9. After that, you’re all set. Just start moving files. But how do you even begin to start moving all those files?

Here is my strategy.

First of all, there are a few things you should know. This is not a super fast task. This should be done at night or on the weekend, or better yet, right before you go to bed. This should not be for when you have a busy day ahead of you. Moving several gigs of files from one directory to another through an internet connection is not fast. So, just be sure you pick a good day for it.

I’m starting by archiving our stock photography and stock art libraries. We have at least 100 gigs of photography alone. Doing this will save a lot of hard drive space and allow the entire team access to the files via the internet.

I copied all the photography files over to AWS. Keep in mind that I didn’t simply move the files. By copying them I’m ensure that if something goes wrong I’ll still have the originals on my current machine.

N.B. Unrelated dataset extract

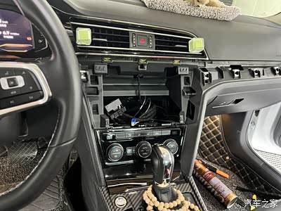 第一步:需要将中控拉丝银面板取下。在用翘板翘的时候要注意饰板卡扣不能翘断,以及不能划伤饰板和主机屏幕。

Also, I’ve learned the hard way not trust one system alone. Just to be safe, I also created a directory on the Dropbox account called “AWS-Archive”. Once all the files are copied over to AWS from Dropbox, I moved the same files into a folder on Dropbox called “AWS-Archive”. My plan is to put all the archived files in this directory then unsync this one directory in Dropbox. This way our Dropbox Team system will have a copy and so will AWS. Redundancy helps me sleep at night.

Finally, I’m going through our old client projects and will archive either old project files or complete directories if possible. Then I’ll go through large video files, etc. No rocket science here. Do whatever makes sense for your or your business.